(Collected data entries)
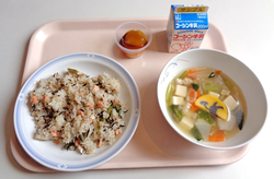 10月6日のメニューは、鮭ひじきご飯、秋の里すまし汁、お月見団子、牛乳でした。文京区では和食に親しむよう、月に1回「和食の日」を実施しています。
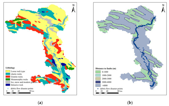 Distribution of geological factors. (a): lithology, (b) distance to faults.
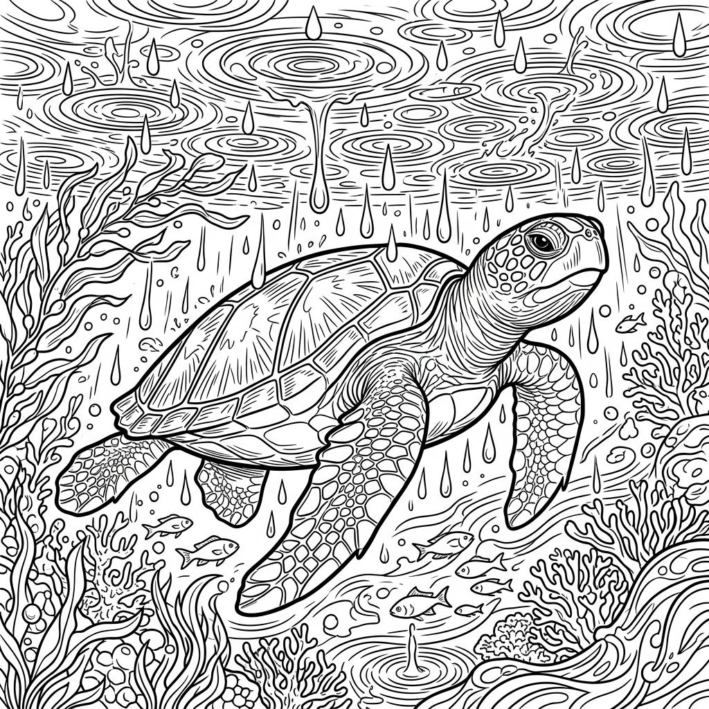 Dive into a tranquil underwater world with this captivating coloring page featuring a magnificent Green Sea Turtle. Observe its detailed shell and flippers as it glides gracefully through an ocean scene. The surrounding environment is rich with intricate seaweed, delicate coral formations, and schools of small fish, all waiting to be brought to life with your favorite colors. Above, a gentle rain creates a mesmerizing pattern of raindrops and ripples on the water's surface, adding a unique atmospheric touch to this marine masterpiece.
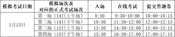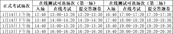 在线测试于2026年1月12日12:30-20:30进行,每位考生须在准考证上规定的两个在线测试场次中,至少选择一场进行测试,熟悉考试流程,在线测试场次及时间安排如下:
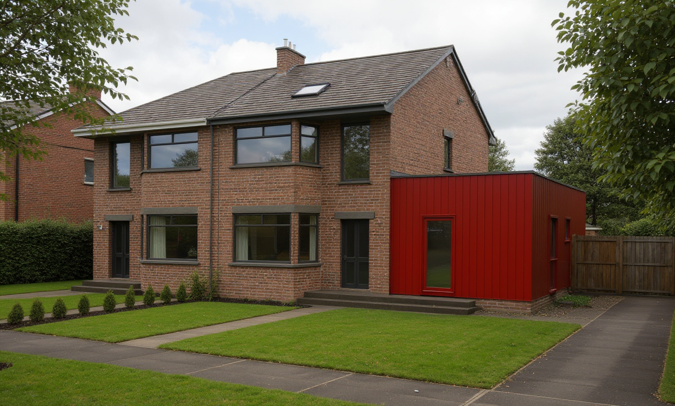 merge them into a signle building and the common corner is the right one for the left view and the left for the right view
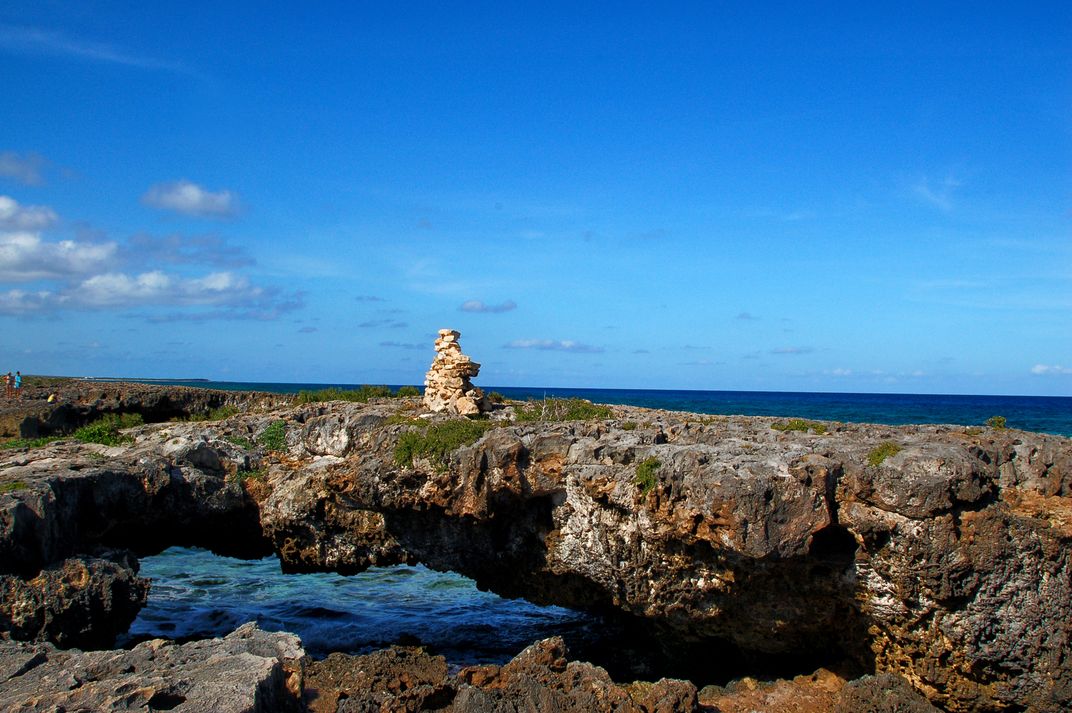 Man-made rock window on top of natural one
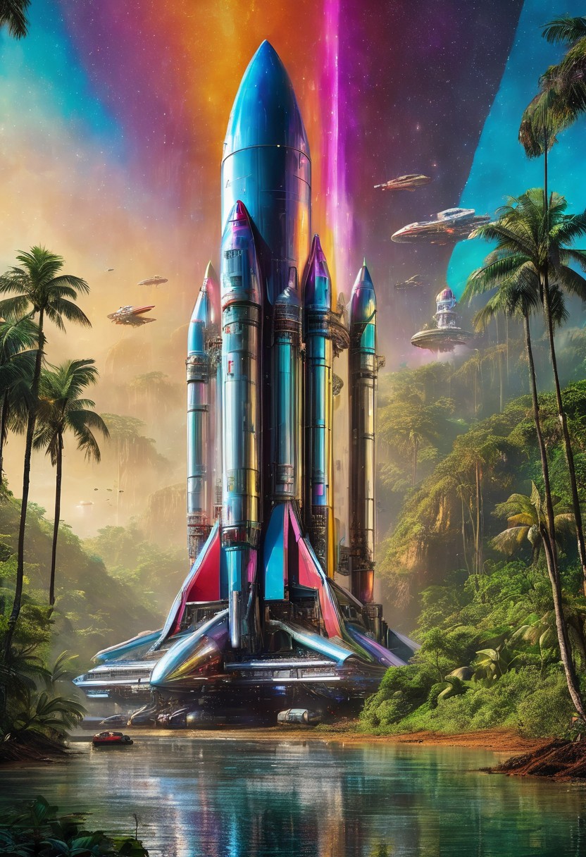rainb0w m0rph, A large streamlined ((rainbow metalic spaceship)) with containers and large rocket boosters, detailed pipe work, and windows, styled in top secret by nasa, ready on a launch site on a jungle planet, vibrant colors, high detail, photograph, cinematic lighting, sharp focus, by David LaChapelle and Annie Leibovitz, 8k resolution, trending on Instagram. <lora:Flux_Rainbow_Morph:1> <lora:03ad2c7f-95b7-4865-a182-5d836919cabe.TA_trained:1> Solar Relics
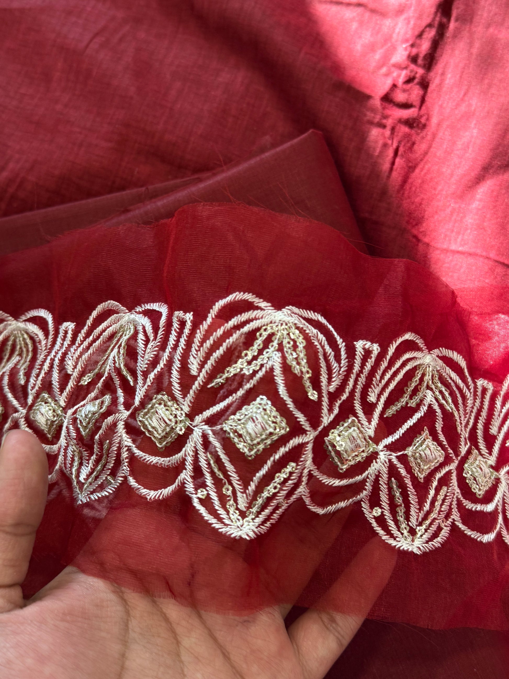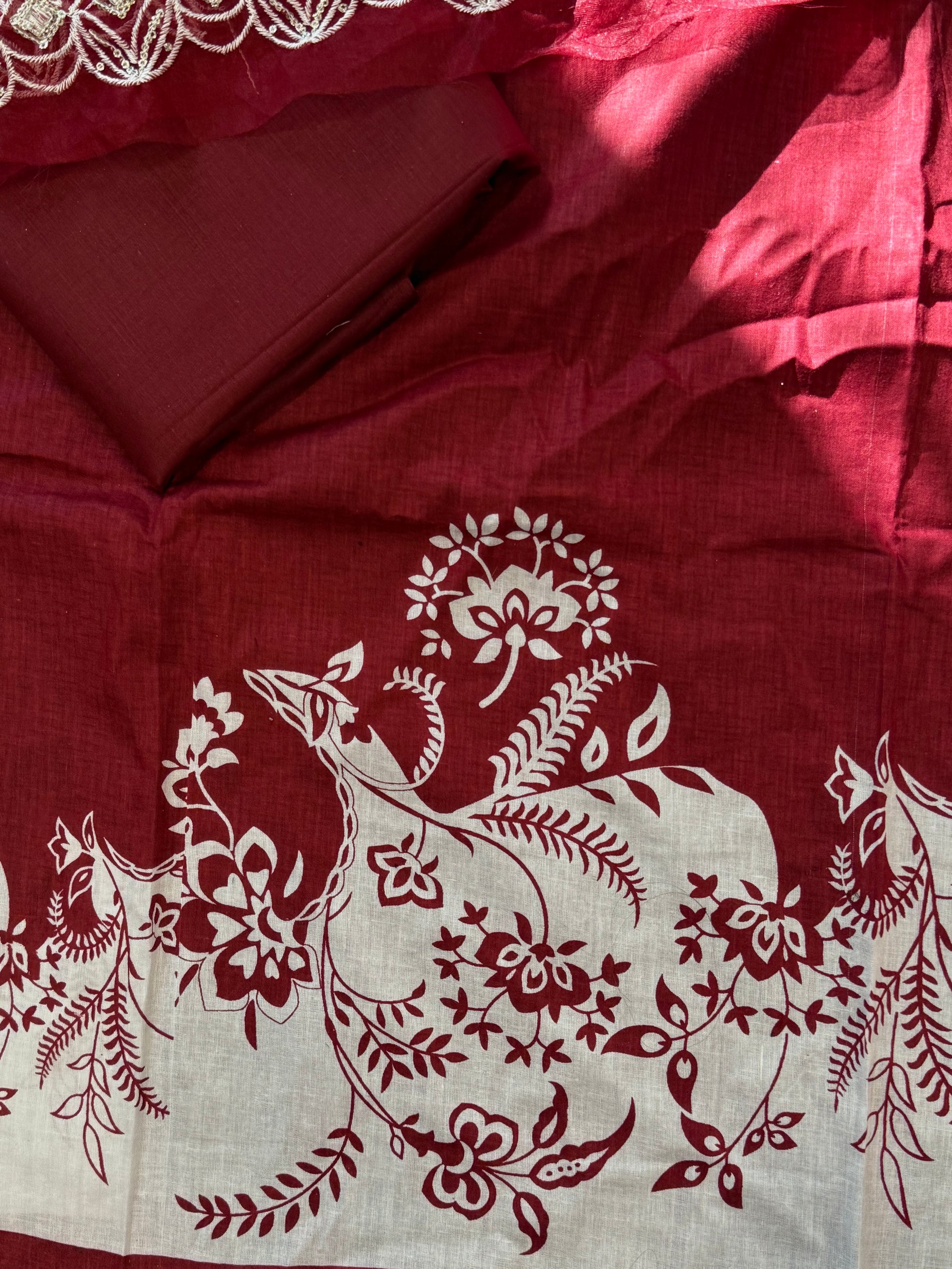 Top printed cotton designer un-stitched material with beautiful embroidery patches for neck and sleeves...
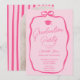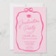 A retro Hot pink and pastel pink graduation layout with a soft hand drawn coquette-inspired ribbon frame and elegant script typography. The front features a refined invitation design with a bow detail, while the reverse side highlights a full photo framed by bold vertical stripes for a stylish, fashion-forward look.
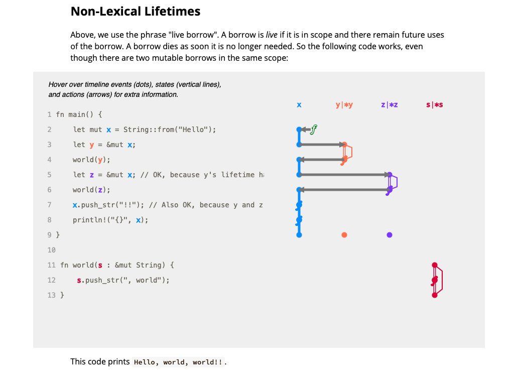 See Borrowing: Non-Lexical Lifetimes visualization. Line 5 does not display the full comment
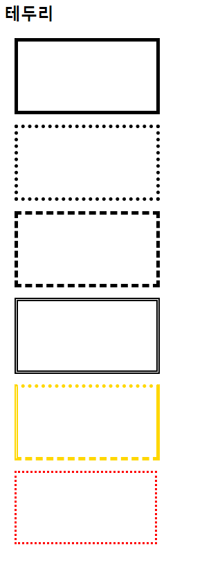 - border-style(테두리 모양), border-color(테두리 색상), border-width(테두리 두께)
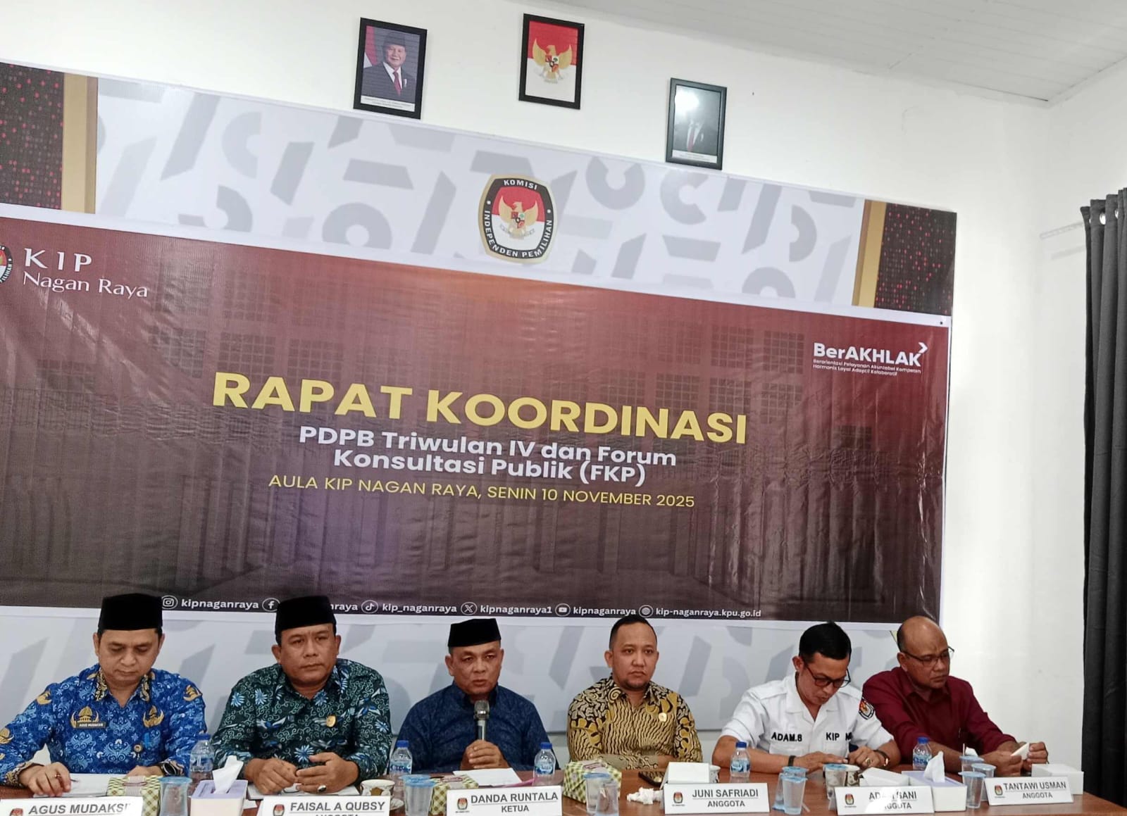 Narasiterkini.com, Suka Makmue – Komisi Independen Pemilihan (KIP) Kabupaten Nagan Raya, Provinsi Aceh gelar rapat koordinasi PDPB Triwulan IV dan forum konsultasi publik (FKP) untuk pemukhtakhiran data pemilih secara berkelanjutan. Kegiatan tersebut berlangsung di Aula Kantor KIP setempat, Senin (10/11/2025).

**WORK INSTRUCTION**
Using the entries above, transcribe exactly from the line that has "Man-made rock window on top of natural one" through the line that has "Top printed cotton". Pictures are dropped.

**ANSWER SPACE**
 Man-made rock window on top of natural one
rainb0w m0rph, A large streamlined ((rainbow metalic spaceship)) with containers and large rocket boosters, detailed pipe work, and windows, styled in top secret by nasa, ready on a launch site on a jungle planet, vibrant colors, high detail, photograph, cinematic lighting, sharp focus, by David LaChapelle and Annie Leibovitz, 8k resolution, trending on Instagram. <lora:Flux_Rainbow_Morph:1> <lora:03ad2c7f-95b7-4865-a182-5d836919cabe.TA_trained:1> Solar Relics
 Top printed cotton designer un-stitched material with beautiful embroidery patches for neck and sleeves...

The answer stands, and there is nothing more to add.